Five 🧩Pieces To Explain The Board Games
We need to understand the nature of the Board Game to talk or classify or create a Board Game. Let me explain further. In order to do it, I’m going to describe the Board Game like a composition of five pieces. These are intended to be interchangeable for recreating a new board game.
Fictional universe
the Board Game is like an autonomous mini-world that is disrupted by players to achieve their goals. Except the players help the system to live, unlike in video games! This universe is composed of three pieces.
1 — The engine ⚙️
The engine is a set of generic rules to describe the behaviour of each possible entity. In our real-world, it is like four fundamental forces of nature.
2 — The microcosm 🌎
The microcosm is a set of entities that implement the engine. In fact, the entities are characters, locations, objects. Moreover, they are described by properties to apply the generic engine rules…
3 — The background 🎭
The background is the context of the microcosm: geographical, political, epoch… Therefore this piece is optional like in the abstract Board Games.

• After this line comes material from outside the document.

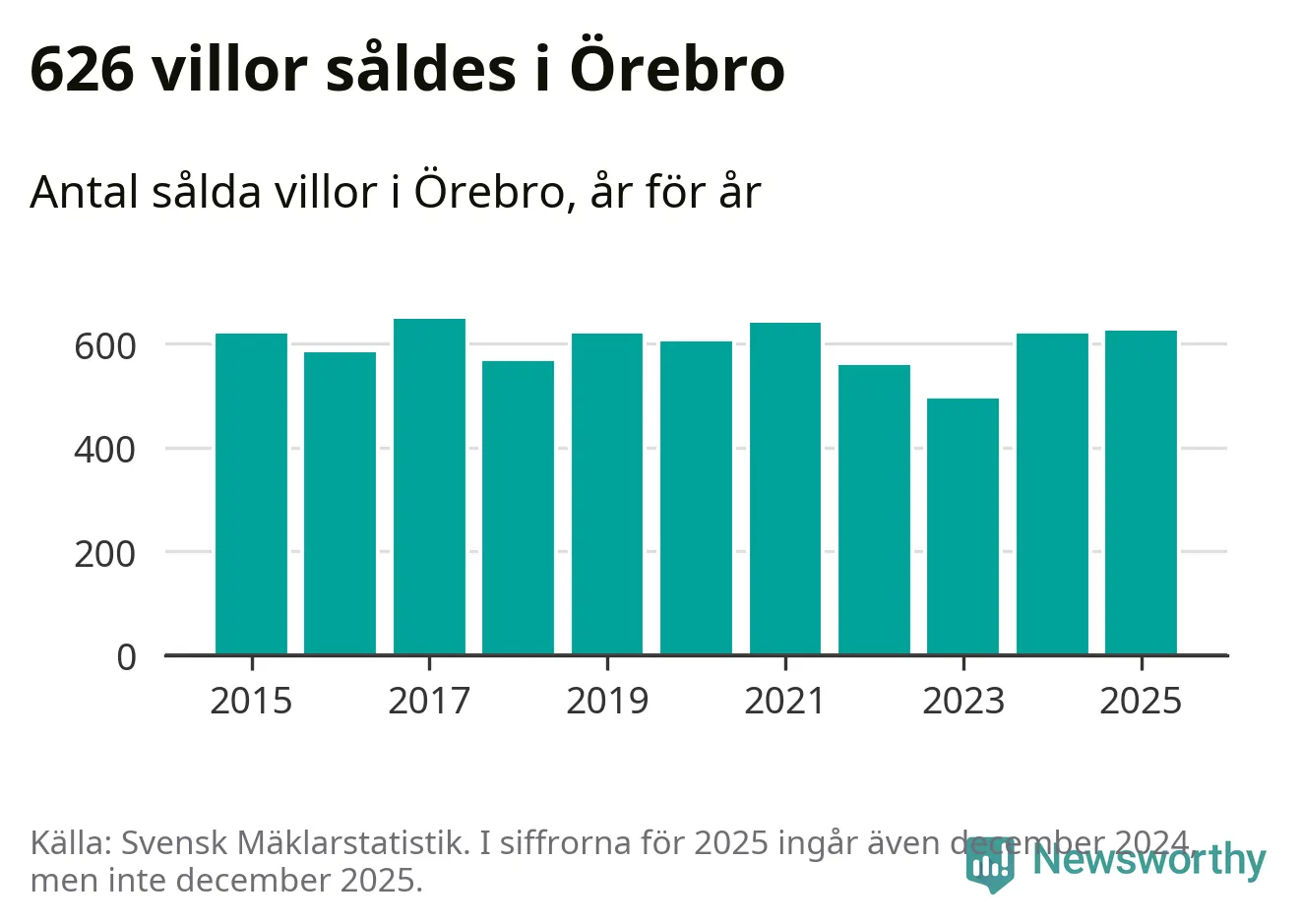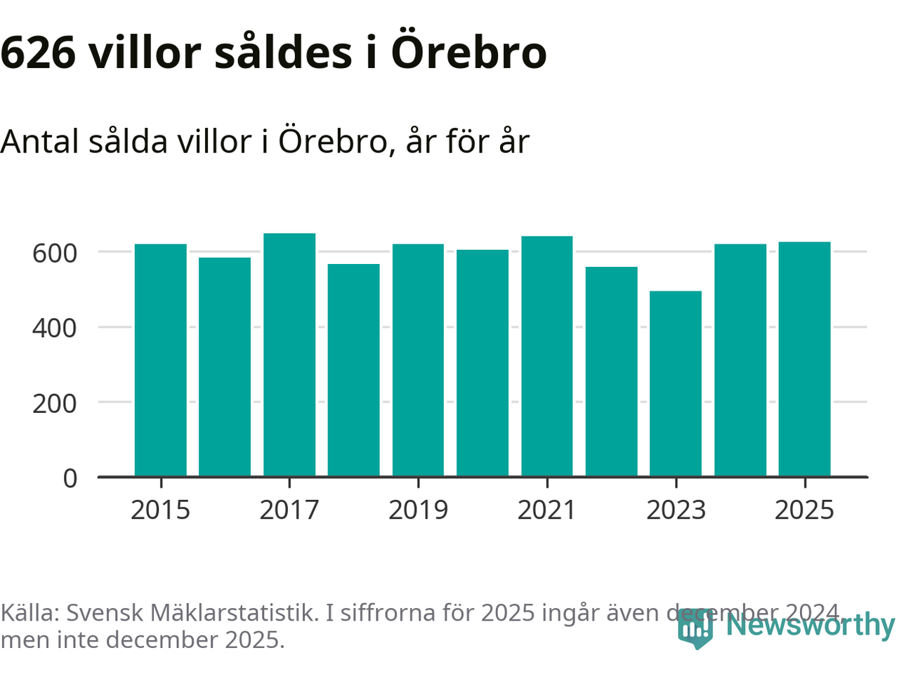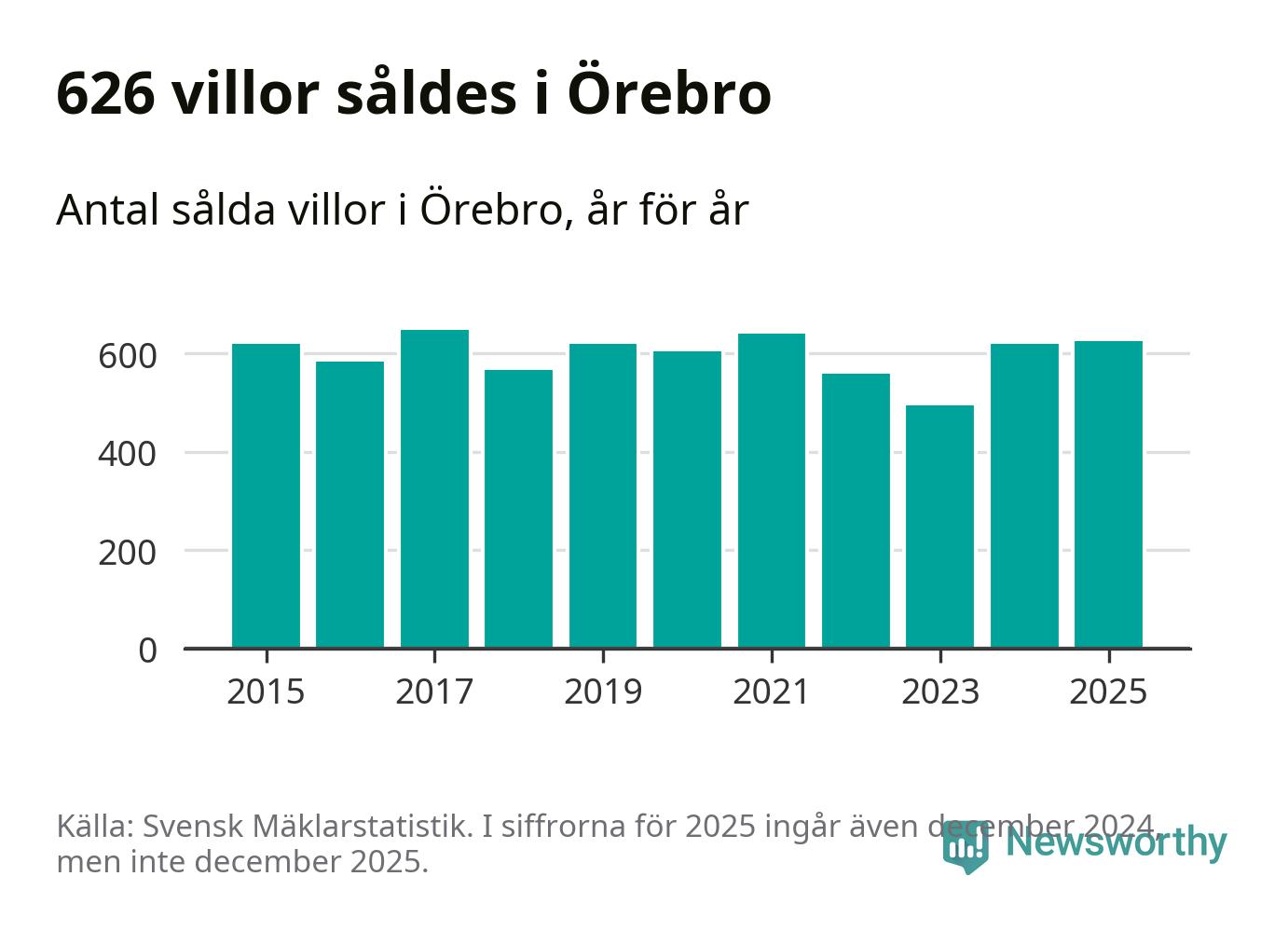 Antalet sålda villor ökade också. Totalt såldes 626 villor, att jämföra med 620 under 2024. Det är andra året i rad som antalet sålda villor ökar i kommunen.

We have already spoken about the stage and the puppets, now we are going to talk about the strings to manipulate the microcosm!
Physical-world
To interact with the fictional microcosm, we need two additional pieces.
4 — The media🎲
The media used for board games is concrete stuff: card, dice, token, meeple…! this is the representation of the microcosm to play.
5 — The script🎯
The goal of the last piece is to motivate the players! Indeed it is not fun to obverse the microcosm! So the script gives aims to the players.
Bonus — The play️ 🎁
Now the Board Game is completely defined. We can play! In that respect, each play is different. Moreover, the players can imagine for themselves a background beyond the author. And so we could consider the play like a bonus piece.
Conclusion
Actually, in this model — Five 🧩Pieces To Explain The Board Games — many cases in the Board Game industry are described:
- Many scripts are added to change the purposes of players.
- Wargames reuse the equipment with a different engine.
- Editors change the equipment to create a pocket version.
- Authors reuse the engine to implement a new game with a different background…
This sounds nice. I think this model is not Board Game exclusive. It could be used for movies, books: just the media is different! And the other obvious application is the video game and generally speaking the software development. Each case is a representation or modelisation or abstraction of the reality with stories and user experiences.
This brings me to think about the bridge between the dramaturgy and the board game: a good Board Game is a good story!